Although this simple univariate tabulation is certainly educational, we can learn more by analyzing this variable against another, i.e., performing a bivariate analysis. Say, for instance, that we wanted to know how one’s happiness compared to ten years ago varied with current employment status. In order to find this out, we would cross-tabulate w1_a_m6
with w1_a_e1
(coded as 1 for “currently employed” and 2 for “not currently employed”). Here we might wish to ignore the non-responses using qualifiers to obtain more readily interpretable results. We may start by generating new variables that cleans the types of non-responses.
nids$lh<-nids$w1_a_m6
nids$lh[nids$w1_a_m6<0 | nids$w1_a_m6>3]<-NA
nids$es<-nids$w1_a_e1
nids$es[nids$w1_a_e1<0]<-NA
nids$lh<-factor(nids$lh, levels = 1:3, labels = c("Happier","The same", "Less happy"))
nids$es<-factor(nids$es, levels = 1:2, labels = c("Yes","No"))
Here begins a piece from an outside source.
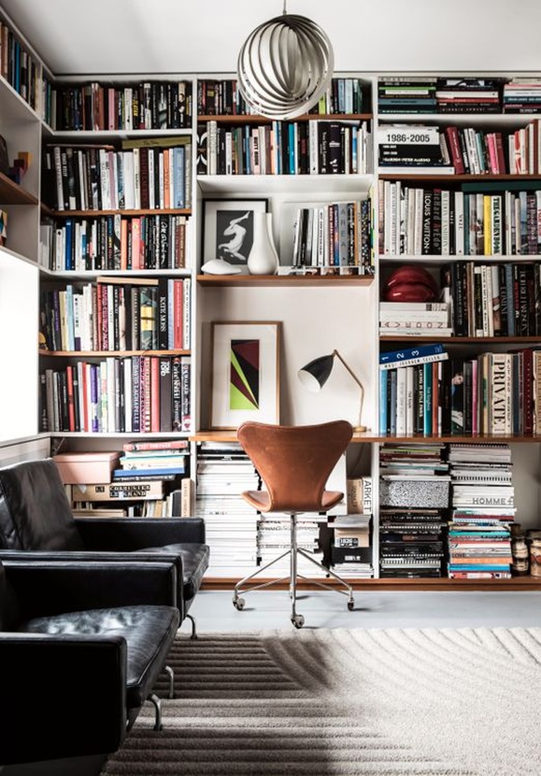 Space for a home office is often at a premium. But all you really need is a place to sit, a surface to work on, and something to light the way. In this fashion director's remote zone in Sweden, the sleek desk lamp establishes the space, while the book collection creates visual interest.

CrossTable(nids$lh, nids$es, digits=4, max.width = 5, expected=FALSE, prop.r=TRUE, prop.c=TRUE, prop.t=TRUE, prop.chisq=TRUE, chisq = TRUE, missing.include=FALSE,format=c("SAS"))
##
##
## Cell Contents
## |-------------------------|
## | N |
## | Chi-square contribution |
## | N / Row Total |
## | N / Col Total |
## | N / Table Total |
## |-------------------------|
##
##
## Total Observations in Table: 15144
##
##
## | nids$es
## nids$lh | Yes | No | Row Total |
## -------------|-----------|-----------|-----------|
## Happier | 1985 | 4371 | 6356 |
## | 110.1326 | 36.1057 | |
## | 0.3123 | 0.6877 | 0.4197 |
## | 0.5309 | 0.3833 | |
## | 0.1311 | 0.2886 | |
## -------------|-----------|-----------|-----------|
## The same | 1084 | 3898 | 4982 |
## | 17.3386 | 5.6843 | |
## | 0.2176 | 0.7824 | 0.3290 |
## | 0.2899 | 0.3418 | |
## | 0.0716 | 0.2574 | |
## -------------|-----------|-----------|-----------|
## Less happy | 670 | 3136 | 3806 |
## | 77.3997 | 25.3746 | |
## | 0.1760 | 0.8240 | 0.2513 |
## | 0.1792 | 0.2750 | |
## | 0.0442 | 0.2071 | |
## -------------|-----------|-----------|-----------|
## Column Total | 3739 | 11405 | 15144 |
## | 0.2469 | 0.7531 | |
## -------------|-----------|-----------|-----------|
##
##
## Statistics for All Table Factors
##
##
## Pearson's Chi-squared test
## ------------------------------------------------------------
## Chi^2 = 272.0355 d.f. = 2 p = 8.476959e-60
##
##
##
Now we can say that of those who are employed 53% are happier than 10 years ago while only 38% of those who are unemployed are happier than 10 years ago. A less useful interpretation in this case would be to look across the first row and say that of those who are happier than they were ten years ago, 31% are employed and 69% are not employed. Does this make sense? Make sure you understand what is going on here. The clue for these seemingly strange results is the large difference between the number of unemployed (11 405) and employed (3 739) individuals.
6.9.2 Example 2: Comparative happiness by province
Let’s try another example. For instance, a cross-tabulation of w1_hhprov
on w1_a_m6
(ignoring nonresponses) generates a table crammed with raw numbers. Using the prop.r=TRUE
option with this same cross-tabulation yields a more decipherable result.
nids<-nids%>%
mutate(w1_hhprov = factor(w1_hhprov, levels=1:9, labels = c("Western Cape","Eastern Cape","Northern Cape","Free State","KwaZulu-Natal","North West","Gauteng","Mpumalanga","Limpopo")))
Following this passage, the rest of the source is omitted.